Heart failure (HF) is a common condition that can be fatal in the modern era. Every year, somewhere around 26 million people are infected globally. In cardiology and surgery, it is challenging to predict when a patient may develop heart failure. Classification and prediction models are useful to the medical business because they demonstrate potential applications for medical data. The accuracy of HF projections will be improved with the use of data on cardiovascular disease, by predicting heart failure occurrences in a medical database using machine learning techniques. According on the current results and comparison analyses, it is now possible to more accurately predict heart disease. In this study, we present a machine learning approach that can be used to improve disease prediction, not just for HF but for any condition.

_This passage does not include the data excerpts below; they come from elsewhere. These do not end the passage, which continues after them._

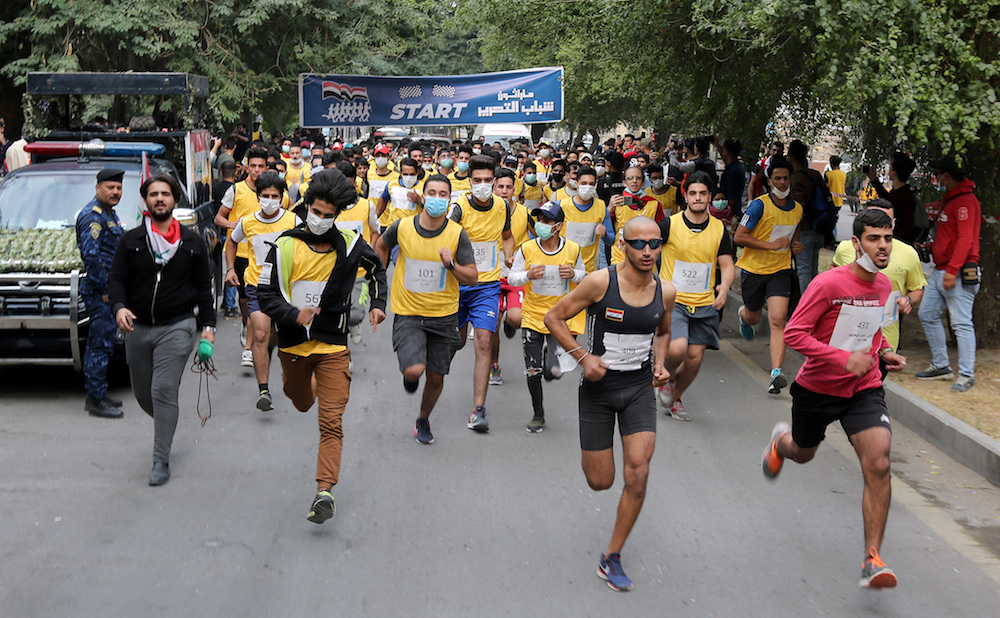 Runners take part in the Tahrir Youth Marathon, in support of ongoing anti-government protests, in the Iraqi capital Baghdad. (AFP)
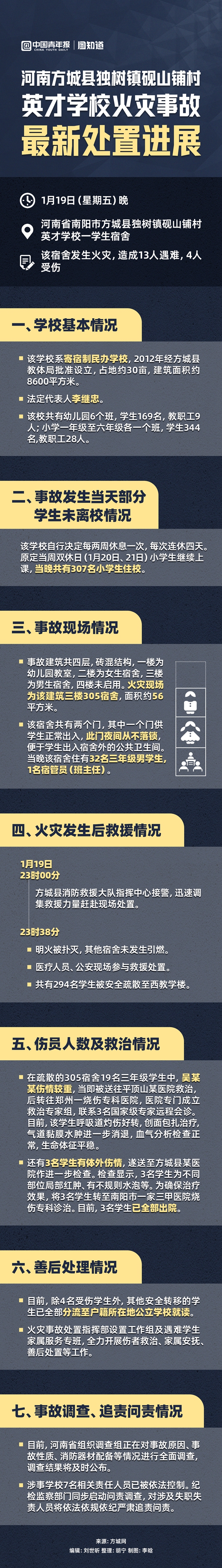 1月19日晚,河南省方城縣獨樹鎮(zhèn)硯山鋪村英才學校一宿舍發(fā)生火災,事故造成13人遇難,4人受傷。1月23日,方城縣通報了部分事故情況:當晚有307名小學生住校,火災現(xiàn)場為宿舍樓三樓305宿舍,面積56平方米;當晚該宿舍住有32名三年級男學生,1名宿管員(班主任);涉事學校7名相關(guān)責任人員已被依法控制。
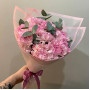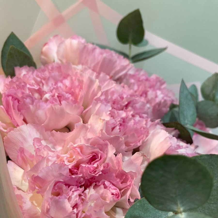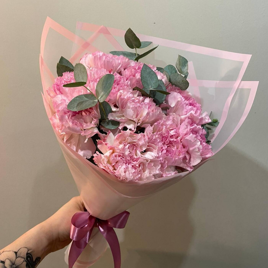 На фото букет из гвоздик с эвкалиптом. В составе: гвоздика 11 шт, эвкалипт 2 шт, крафт-бумага 1 шт, атласная лента 1 шт, . Все цветы свежие и ароматные, букет красиво оформлен и отлично подходит для подарка. Доступна доставка цветов или самовывоз.
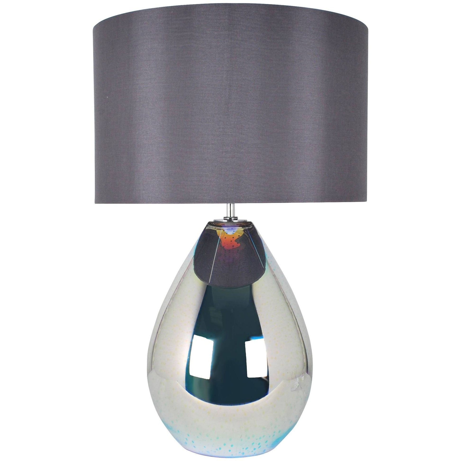 A beautiful addition to your home, the Geller Table Lamp is a stunning piece from Pagazzi Lighting. Featuring a smoked glass base with a holographic effect when lit, it has been paired with a smart grey taffeta lamp shade. This Dual Lit lamp is operated by a lamp holder switch and in-line switch. It is perfect for use in living rooms, hallways and as a bedside lamp in bedrooms.

Each of the four most accurate linear models—SVM, KNN, GNB, and MNB—has an accuracy rating of 67.24 percent or higher. The accuracy of ensemble learning models such as GBC and ABC (87.93%) and RF and GBC is drastically different from one another (87.3 percent). With an accuracy of 87.93%, CatBoost outperforms LGBM (86.21%), HGBC (84.48%), and XGB (83.78%), 84% to be exact. Methods like CatBoost, random forests, and gradient boosting can accurately foresee almost eight out of ten cardiac arrests. In future studies, this research can be upgraded to predict the survival of patients by using HF dataset.

Data Availability

All the data is available in the manuscript.

Conflicts of Interest

The authors declare that they have no conflicts of interest.